Stored data START

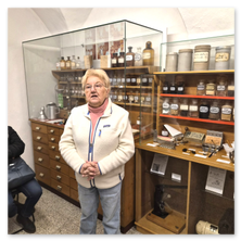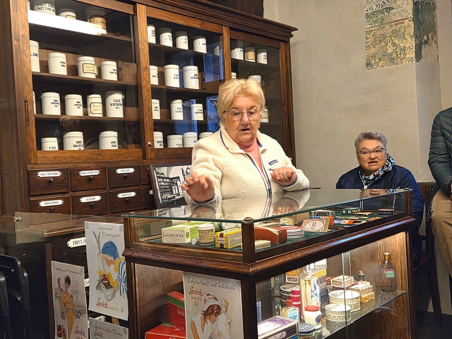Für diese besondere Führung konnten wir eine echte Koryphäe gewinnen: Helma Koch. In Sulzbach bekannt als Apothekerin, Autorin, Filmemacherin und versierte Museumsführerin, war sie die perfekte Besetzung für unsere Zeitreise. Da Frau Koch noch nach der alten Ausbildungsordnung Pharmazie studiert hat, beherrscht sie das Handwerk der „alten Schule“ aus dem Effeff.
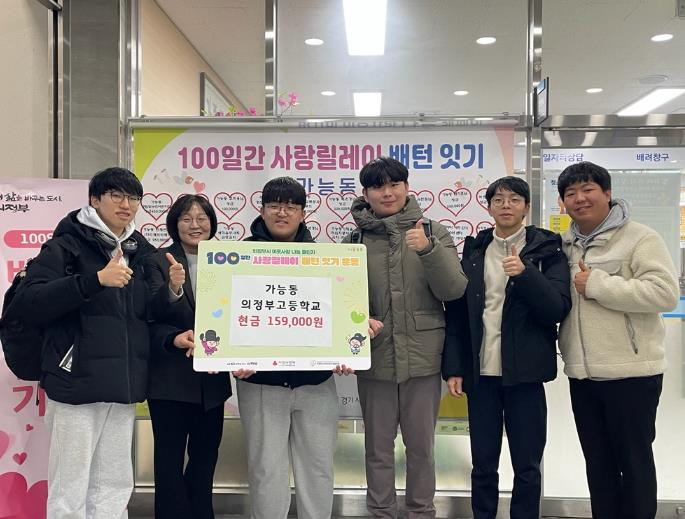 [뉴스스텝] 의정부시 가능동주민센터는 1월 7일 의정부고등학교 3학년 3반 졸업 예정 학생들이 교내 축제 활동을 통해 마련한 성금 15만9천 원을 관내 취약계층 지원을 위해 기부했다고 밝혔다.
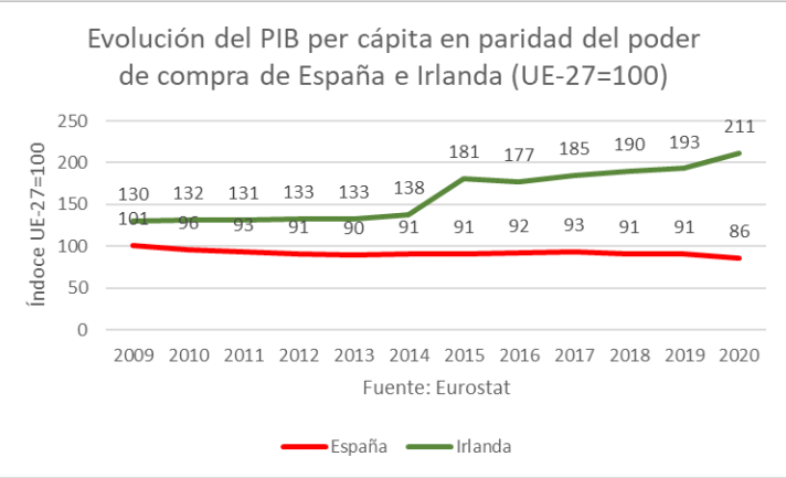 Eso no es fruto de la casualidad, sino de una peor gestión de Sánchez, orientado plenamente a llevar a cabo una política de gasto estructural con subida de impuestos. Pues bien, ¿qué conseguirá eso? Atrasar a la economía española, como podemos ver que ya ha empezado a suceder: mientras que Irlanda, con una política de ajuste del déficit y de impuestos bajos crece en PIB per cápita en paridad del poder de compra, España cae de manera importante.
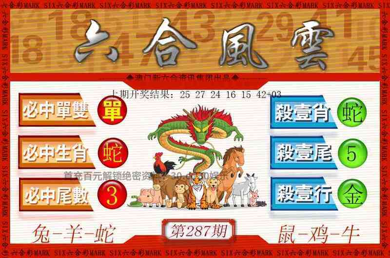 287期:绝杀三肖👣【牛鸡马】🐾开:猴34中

Stored data END

Task prompt — All that's required is the material above repeated exactly, minus any picture.

Exercise result —
Für diese besondere Führung konnten wir eine echte Koryphäe gewinnen: Helma Koch. In Sulzbach bekannt als Apothekerin, Autorin, Filmemacherin und versierte Museumsführerin, war sie die perfekte Besetzung für unsere Zeitreise. Da Frau Koch noch nach der alten Ausbildungsordnung Pharmazie studiert hat, beherrscht sie das Handwerk der „alten Schule“ aus dem Effeff.
 [뉴스스텝] 의정부시 가능동주민센터는 1월 7일 의정부고등학교 3학년 3반 졸업 예정 학생들이 교내 축제 활동을 통해 마련한 성금 15만9천 원을 관내 취약계층 지원을 위해 기부했다고 밝혔다.
 Eso no es fruto de la casualidad, sino de una peor gestión de Sánchez, orientado plenamente a llevar a cabo una política de gasto estructural con subida de impuestos. Pues bien, ¿qué conseguirá eso? Atrasar a la economía española, como podemos ver que ya ha empezado a suceder: mientras que Irlanda, con una política de ajuste del déficit y de impuestos bajos crece en PIB per cápita en paridad del poder de compra, España cae de manera importante.
 287期:绝杀三肖👣【牛鸡马】🐾开:猴34中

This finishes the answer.